Arguments passed on to
distill_traj_model_multi
traj_models
A list of trajectory models.
distill_single
Logical indicating whether to distill clusters with a single motif.
learn_single_spatial
Logical indicating whether to learn only spatial features for clusters with a single motif, or skip them.
use_all_motifs
Logical indicating whether to use all motifs in the resulting models. If FALSE, only motifs from clusters which had a motif from the original model are used.
cluster_report_dir
The directory to store cluster reports.

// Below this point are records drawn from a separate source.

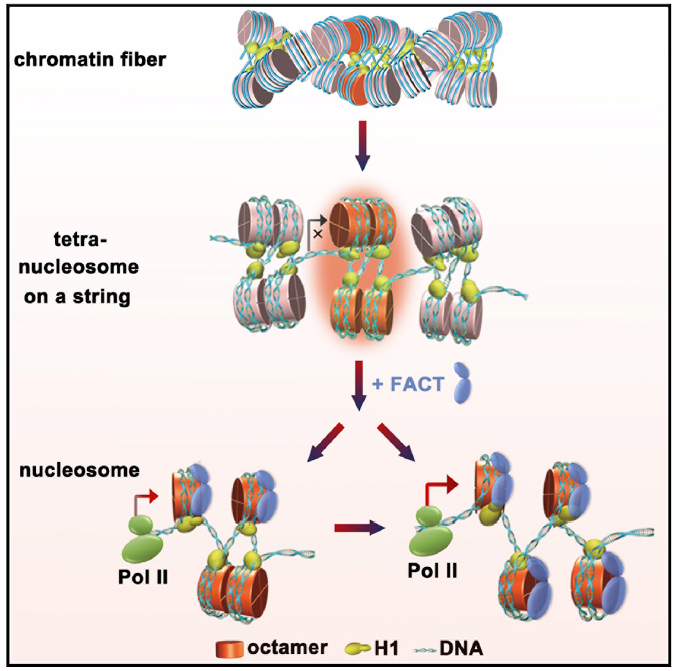 2016年9月22日,《Molecular Cell》杂志在线发表了中科院生物物理所李国红课题组与物理所李明课题组合作完成的、题为“FACT Remodels the Tetranucleosomal Unit of Chromatin Fibers for Gene Transcription”的研究文章。该研究工作利用单分子磁镊技术实时跟踪和解析了染色质纤维结构建立的动态过程和力学基础,发现了“四核小体”结构单元是染色质折叠过程中形成的一种稳定的中间状态;揭示了组蛋白伴侣FACT(Facilitates Chromatin Transcription)可以调控“四核小体”结构的稳定性,从而促进基因转录。
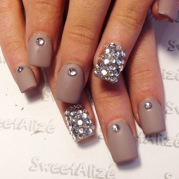 Some of us prefer matte finishes rather than shimmery. But you can always add a touch of sparkle by adding gems to a single finger on each hand.
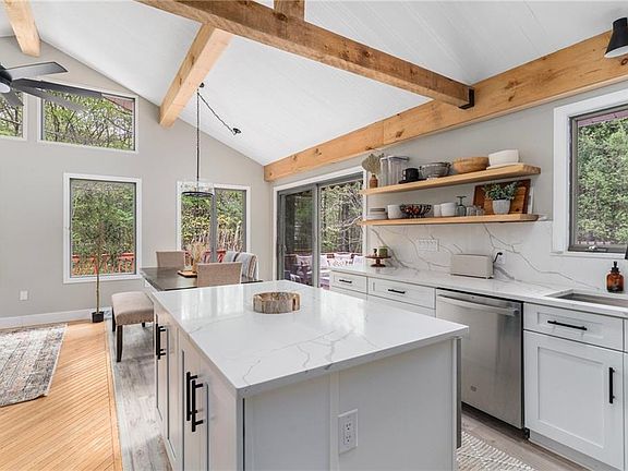 Completely Renovated & Modernized Retreat! Nestled on nearly two private acres, this stunning contemporary ranch has been transformed into a sophisticated haven. Set back 200 feet from the road and enveloped by hundreds of acres of peaceful serenity, this home offers the ultimate in privacy. Step inside to discover soaring cathedral ceilings and an abundance of expansive windows that flood the completely reimagined interior with natural light. Enjoy seamless indoor-outdoor living with a huge wrap-around deck, perfect for entertaining or simply relaxing. This meticulously renovated home now features three spacious bedrooms and two beautifully appointed full bathrooms. Modern comforts include central heating & air conditioning. Peace of mind comes with a young roof, low-maintenance vinyl siding, and a newer hot water tank. For the green thumb, several outbuildings include a charming greenhouse, ready for your gardening passions. Did we mention, walking distance to Carr Pond Wildlife Refuge with Hiking, birding, snowshoeing, and fishing!! Experience contemporary luxury and unparalleled privacy in this exceptional, move-in-ready home.
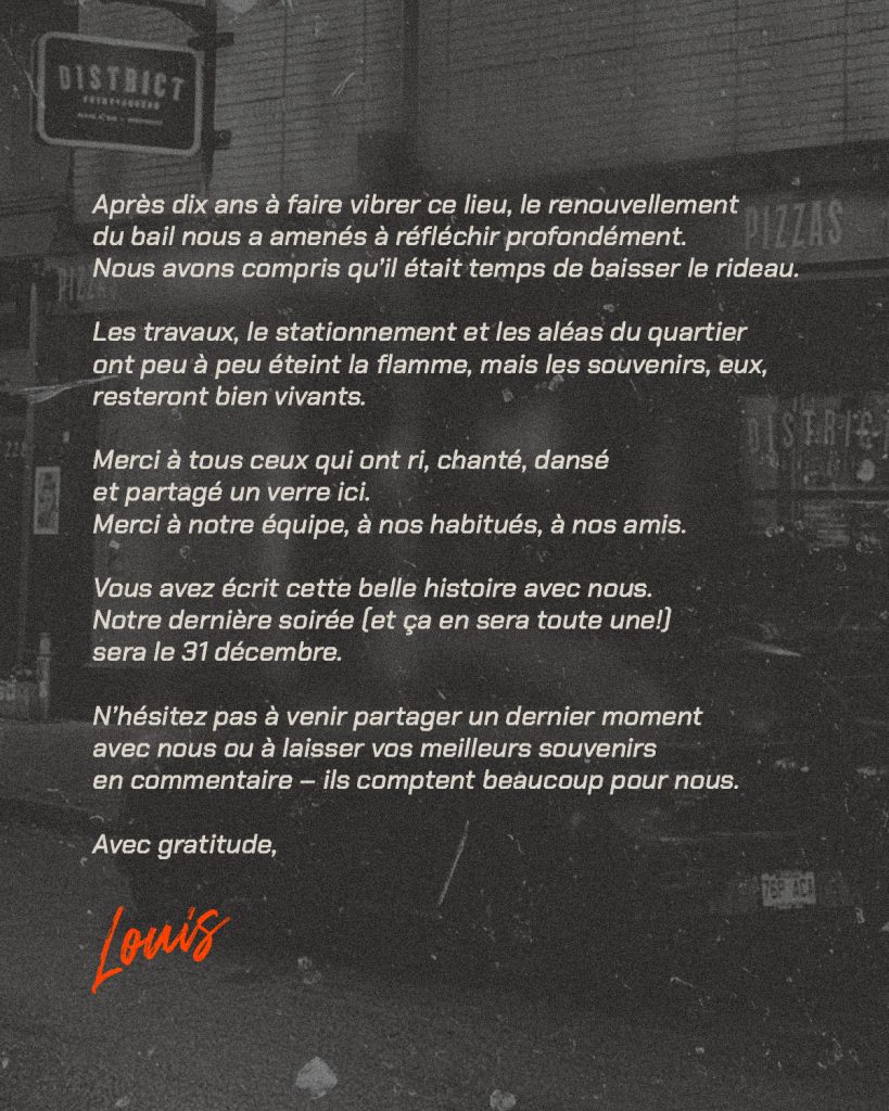 Du côté du fondateur du District, Louis McNeil (aussi propriétaire des restaurants Cosmos), la décision relève d’un choix d’affaires. Après dix ans d’activité, la concurrence accrue et les nombreux chantiers dans le secteur ont rendu l’exploitation de plus en plus difficile : « 2025 a été correcte, mais 2024 a été une année extrêmement compliquée à cause des travaux », a-t-il confié.

If not NULL, a png would be created for each cluster.
filter_models
Logical indicating whether to filter the models before distillation. Defaults to TRUE.
unique_motifs
Logical indicating whether to keep only unique motifs. Defaults to FALSE.
intra_cor_thresh
The threshold for the average intra-cluster correlation to split clusters. If NULL, no splitting is done.
bits_threshold
minimal sum of bits for a feature to be included in the model.